Under the Program, the SBA must waive any of its fees associated with the loan. The lender (bank, credit union, etc.) may not charge a fee in excess of the limit set by the SBA. That amount hasn’t been determined yet. Similarly, the interest rate for any portion of the loan that is not forgiven has not been set either. However, the CARES Act states that the interest rate cannot exceed 4 percent. Borrowers will have 10 years to pay back any loan amount in excess of what is forgiven, and no payments will be due until after 2020.

Example: Nonprofit “B” borrowed $100,000 through a Paycheck Protection Loan. 100% of the funds from the loan went to payroll costs, utilities, and rent payments within 8 weeks from the origination of the loan. As a result, Nonprofit “B” files an application seeking forgiveness of 100% of the loan. Nonprofit “B” averaged 11 full-time employees from February 15, 2019 to June 30, 2019. Nonprofit “B” averaged 10 full-time employees from January 1, 2020 to February 29, 2020 and averaged 9 full-time employees during the covered period (February 15 - June 30, 2020). Nonprofit “B” elects to use the time period from January and February. During the covered, period Nonprofit “B” averaged 90% of the full-time employees it averaged in January and February. As a result, 90% of the Paycheck Protection Loan Nonprofit “B” received will be forgiven. The remaining 10% ($10,000) will be due over the next 10 years at an interest rate of no more than 4% and no payments will be due until January 1, 2021. 

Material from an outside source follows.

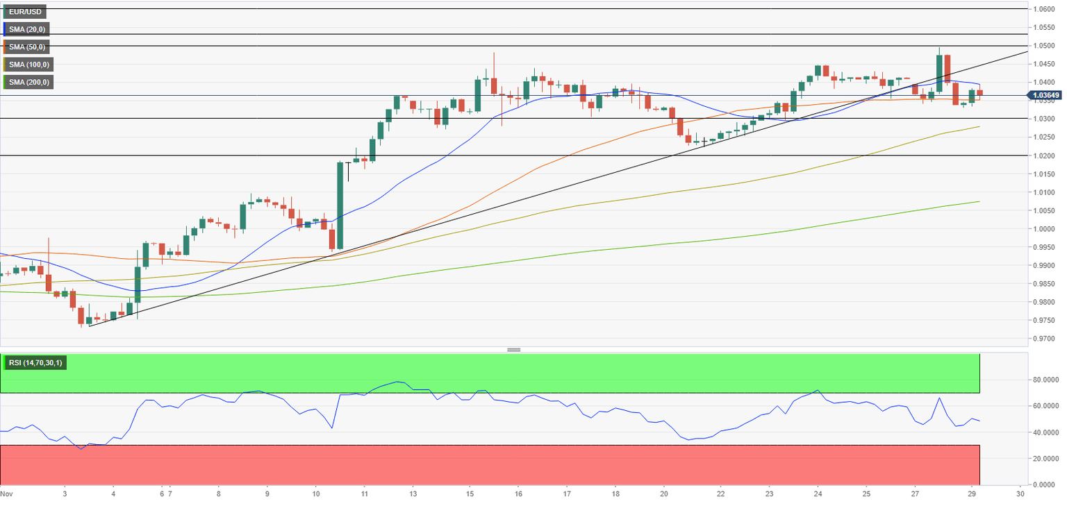 The 20-period Simple Moving Average (SMA) on the four-hour chart aligns as interim resistance for EUR/USD ahead of 1.0450, where the ascending trend line is located. In case the pair rises above the latter and starts using it as support, it could target 1.0500 (psychological level, multi-month high set on Monday) and 1.0530 (static level).

Attorney John Litzler directs the church law division of Christian Unity Ministries in San Antonio. He also serves as a BGCT legal consultant to assist Texas Baptist churches in understanding various legal issues.

Disclaimer: This article provides general information and a general understanding of the law and does not constitute specific legal advice. This is information for your church to consider and not a recommendation to apply. By utilizing the Texas Baptist website, you understand that there is no attorney/client relationship between you/your church and the author or between you/your church and the Baptist General Convention of Texas. This article should not be used as a substitute for competent legal advice from a licensed professional attorney in your state with the specifics of your situation.